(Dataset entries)

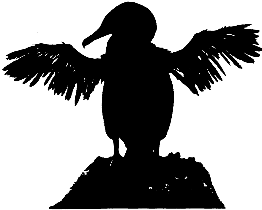
Flightless Cormorant
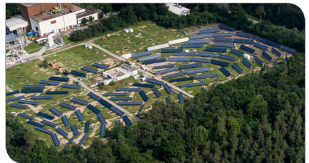
Solar-storage facility on KIT's north campus

In a large-scale experiment with more than 100 photovoltaic arrays installed at different orientation and tilt angles, KIT evaluates the daily energy yield for each configuration throughout the year. The surprising result is that to satisfy the energy demand of an average German household, the orientation is practically irrelevant. In addition to the typical south-facing orientation, both west- and east-facing solar panels can deliver sufficient power. The same applies for the
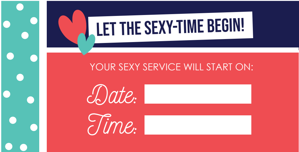
BONUS SEXY DATE/TIME CARD
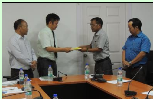
Report on Sericulture Development (2nd Phase) handed to Secretary, Sericulture Department, Govt. of Mizoram

The project got positive feedbacks from the officials of Sericulture Department and its effective use for sericulture development in the two districts was envisaged. The success stories achieved from previous phase was also shared and appreciated by the Department.
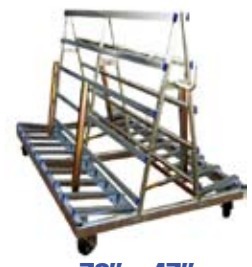
78" x 47"
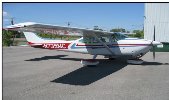
N735MC 1977 Cessna 182Q Skylane

The Piper Warrior is a four seat, well maintained IFR equipped fixed gear aircraft. Avionics include a Garmin 300XL IFR GPS, a King KX155 NAV/COM radio with glide slope and DME. It is a great platform for primary and advanced training or just to build time.
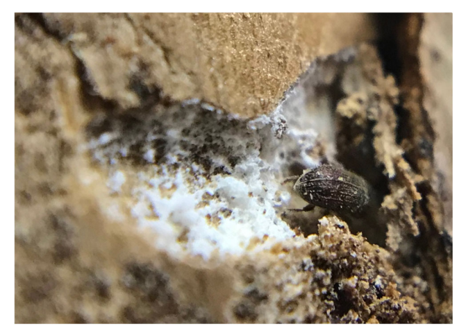
Fig. 2 Most bark beetles live in fungus-saturated spaces, but the cooccurrence does not imply interaction. Here, an unknown fungus flourishes in the tunnel of Hypoborus ficus without any known effect on the phloem-feeding beetle.
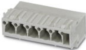
The figure shows the product version VC-AML 5

Mounting contact insert with PCB connection, type: 3, Number of pos.: 4+PE
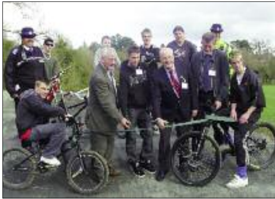
The opening of the Kinver BMX Bike track.

For further information on Playbuilder, you can also visit Staffordshire County Council's website: www.staffordshire.gov.uk/play
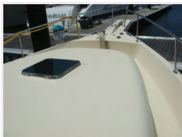
34' Mainship Foredeck
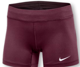
NIKE 5" PERFORMANCE GAME SHORT DV6740 Page 21
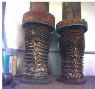
Expansion joints on a steam line that have been destroyed by water hammer [7]
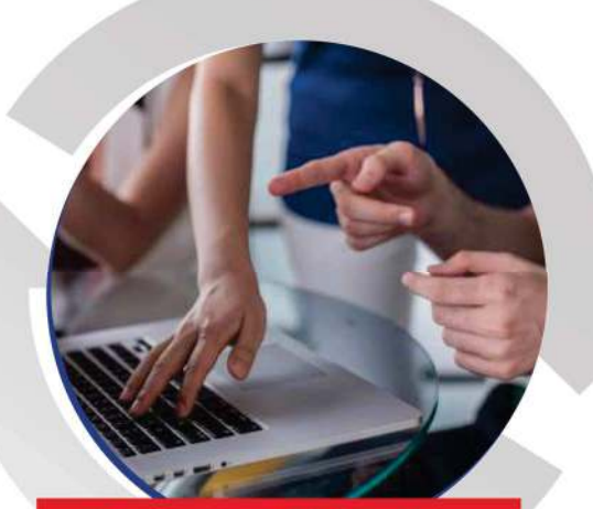
Support & Service
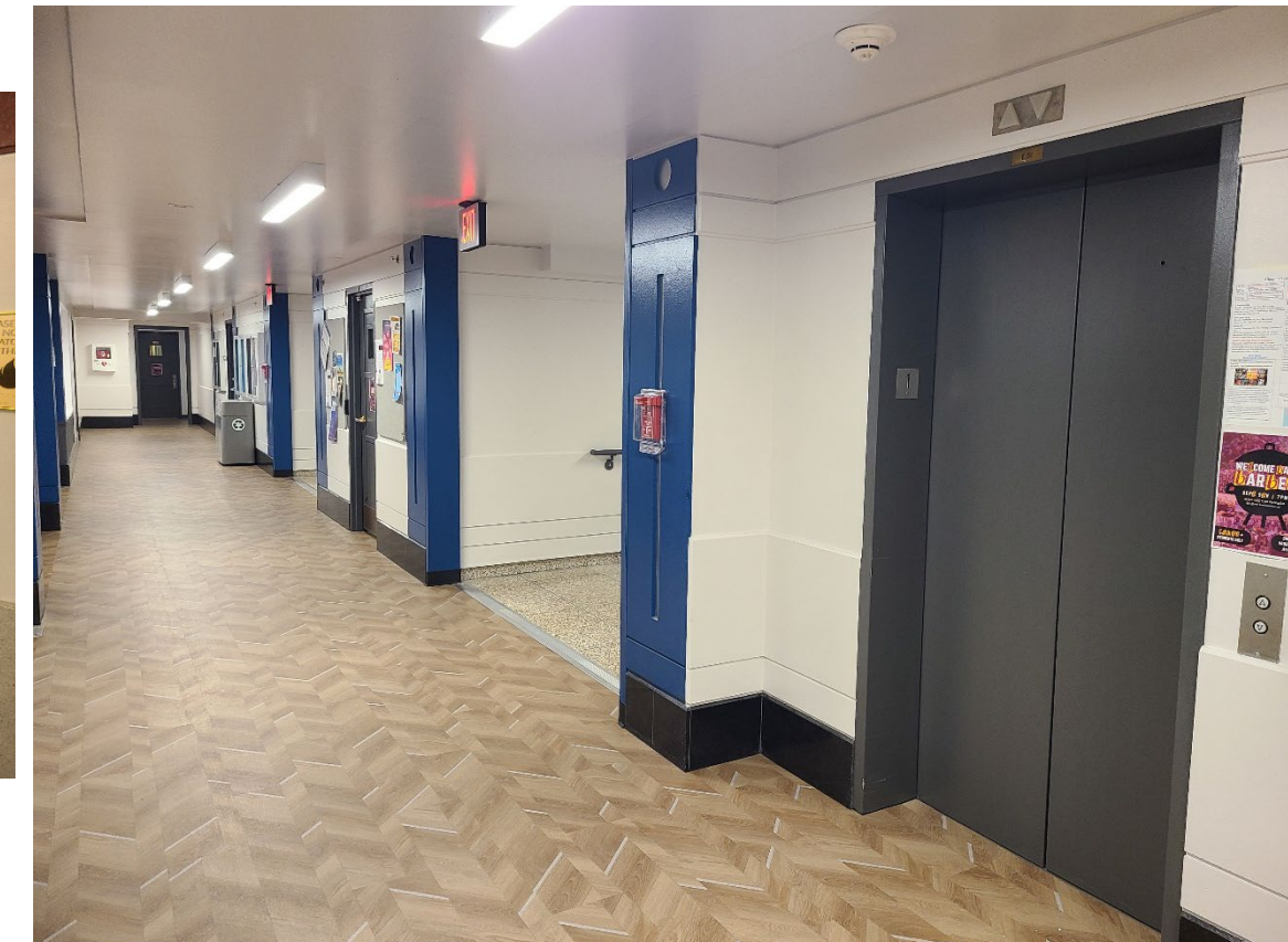
Allen Hall Lobby Remodel
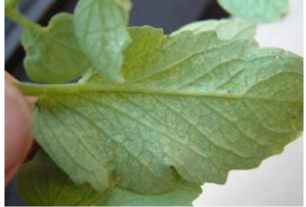
Spider mite damage
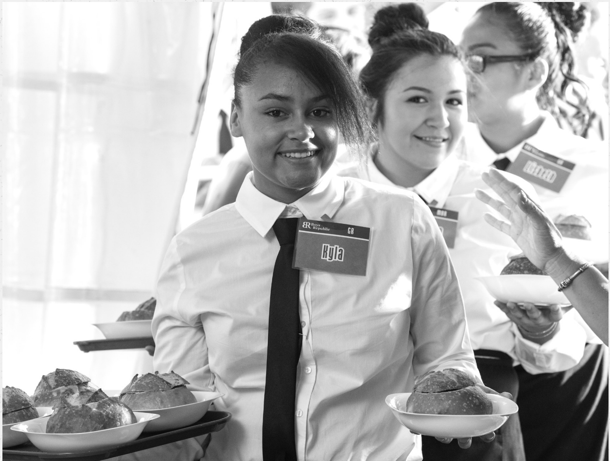
Food Services Students

Since its founding in 1907, Boys Republic has served as a point of contact between the charitable instincts of thousands of open-hearted individuals, families and organizations and the needs of some of society's most troubled youths. The year 2019 was no different. As they have for more than a century, hundreds of generous people became special friends of the troubled young men and women in the program through gifts of their time, their talents, their financial support and of a wide assortment of useful commodities and merchandise. This roster of charitable support is published in tribute to them all.
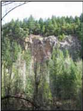
4 Rock wall face as viewed from the clearing below
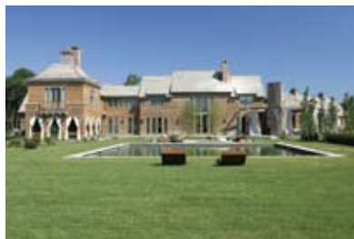
Bridgehampton. $15M WEB# 54711
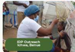
IDP Outreach Ichwa, Benue

◆ Task prompt
Retype exactly, and only, the lines from the one containing "Bridgehampton. $15M WEB# 54711" through the end of the records above. Pictures stay out of the copy.

◆ Problem solution
Bridgehampton. $15M WEB# 54711
IDP Outreach Ichwa, Benue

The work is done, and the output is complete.